# Your objective:
Below, some lines carry pictures; leave those pictures out and retype exactly the lines from the one with "河南省公务员局今天(2月11" through the one with "hasn’t been the".

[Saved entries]
★ ★ ★ ★ ★

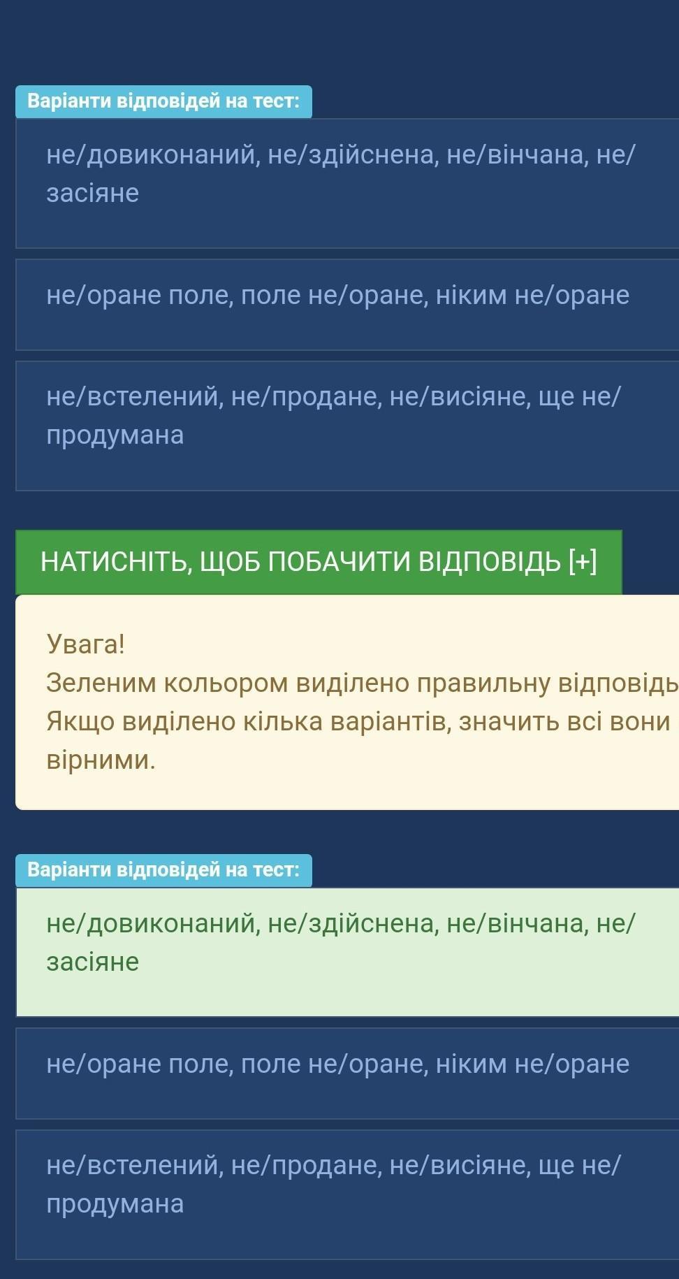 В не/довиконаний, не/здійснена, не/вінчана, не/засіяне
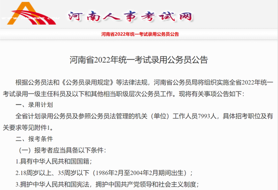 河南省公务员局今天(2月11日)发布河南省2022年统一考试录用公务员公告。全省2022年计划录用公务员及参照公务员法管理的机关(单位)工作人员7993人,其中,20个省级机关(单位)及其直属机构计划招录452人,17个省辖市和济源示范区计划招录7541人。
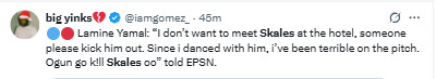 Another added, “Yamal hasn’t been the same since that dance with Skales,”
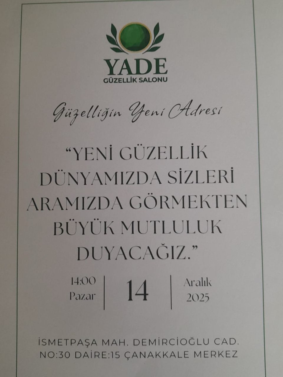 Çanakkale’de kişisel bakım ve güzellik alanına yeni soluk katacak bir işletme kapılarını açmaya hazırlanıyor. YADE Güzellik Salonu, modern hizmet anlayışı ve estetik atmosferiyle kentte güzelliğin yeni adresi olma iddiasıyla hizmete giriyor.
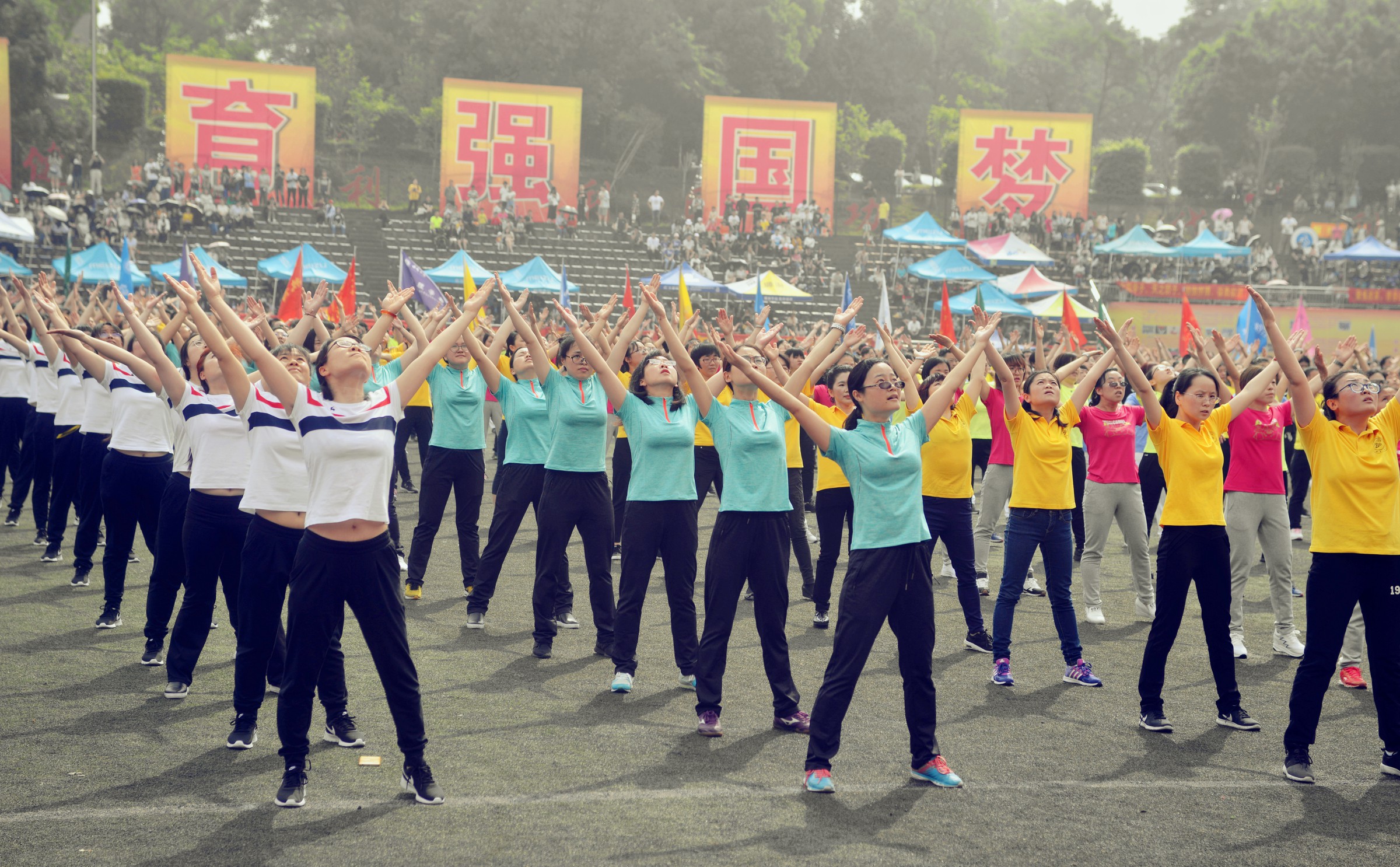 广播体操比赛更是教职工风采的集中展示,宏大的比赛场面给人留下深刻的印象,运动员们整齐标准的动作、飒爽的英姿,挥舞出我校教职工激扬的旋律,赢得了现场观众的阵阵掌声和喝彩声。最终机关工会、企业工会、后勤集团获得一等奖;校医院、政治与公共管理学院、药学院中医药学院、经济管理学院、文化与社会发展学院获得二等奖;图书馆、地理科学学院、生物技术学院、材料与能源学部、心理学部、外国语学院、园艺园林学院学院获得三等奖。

★ ★ ★ ★ ★

# Exercise output:
 河南省公务员局今天(2月11日)发布河南省2022年统一考试录用公务员公告。全省2022年计划录用公务员及参照公务员法管理的机关(单位)工作人员7993人,其中,20个省级机关(单位)及其直属机构计划招录452人,17个省辖市和济源示范区计划招录7541人。
 Another added, “Yamal hasn’t been the same since that dance with Skales,”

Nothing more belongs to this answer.